As a proud Saulteaux First Nations woman I believe that there is a mutual experience of oppression among many First Peoples. (I say “Peoples” because we are not one homogenous group of people, the Canadian aboriginal population compromises the Inuit, Metis and First Nations and even among those groups there is great difference in cultures and traditions.) Much of our known history is based not in our culture, but what was done to us by colonizers. It was a tragedy that cannot be undone and there is healing that must happen for our people. But survivors are still here because we are a tough and articulate people.

After sharing my families experience of oppression with the others the spiritual leader remarked upon what I had shared and said “You are so proficient in what you said, your people are so articulate in English, imagine if you spoke in your own language.” This made me think that although our languages are dying, less than 2,000 people may speak a traditional First Peoples language but that if other youth become interested, we can revive these languages.

Why would I take French in school or do a French language exchange if I could go to my own people, to stay in the communities of my aunties and uncles in Saskatchewan and do a “cultural exchange?” Where I could learn my own language, my own traditional crafts, hear my own history in University? Why not take shawl dancing instead of ballet class? Learn to make bannock instead of cupcakes?  Learn to drum, and beat out the creator’s heartbeat instead of the saxophone? Learn traditional spirituality instead of going to a Catholic Church that shares ideas from another people and another country? Those religions are worthy and I respect them, religion is a wonderful gift, but it is not my gift, it is theirs. That religion comes from a history and culture of another people that are not my people. While religion is good to embrace I believe it is important to have a firm understanding of your own spirituality and culture, otherwise what will anchor you to your own culture?

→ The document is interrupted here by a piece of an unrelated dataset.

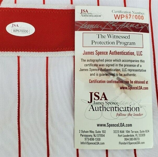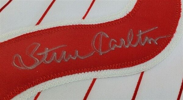 Custom on-field style jersey. Everything sewn on, size XL. Hand-signed in silver paint pen by Steve Carlton (HOF). The lot / autograph(s) includes an official James Spence Authentication (JSA) hologram and matching COA for authenticity purposes. The signing of this item was witnessed by JSA.Authentication: JSA COA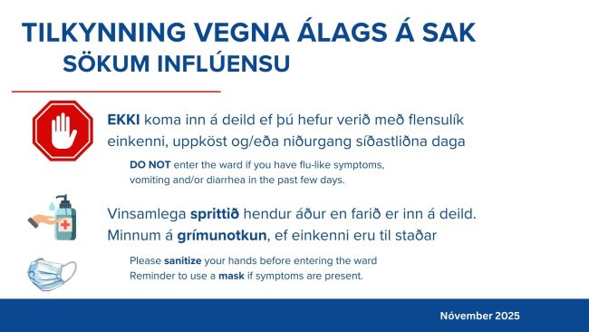 Ef þið eruð með einkenni öndunarfærasýkingar (inflúensu eða umgangspesta) skal fresta heimsókn.

In Uganda there are two types of weddings, they are called a ‘Traditional Wedding,’ and a ‘White Wedding.’ A traditional wedding is the same as it has been since pre-colonization by the British.  A white wedding consists of a white dress and marriage ceremony in a church. We, as First Peoples of Canada can also do this, we can celebrate marriages and love in traditional ceremonies; it is our right. Let us think differently about our culture, let it not be a way to separate ourselves from others, but let us use it to gain equity so that we do not think of ourselves as ‘oppressed peoples,’ but as peoples of a strong culture and education that can extend love and understanding as equals to any other person.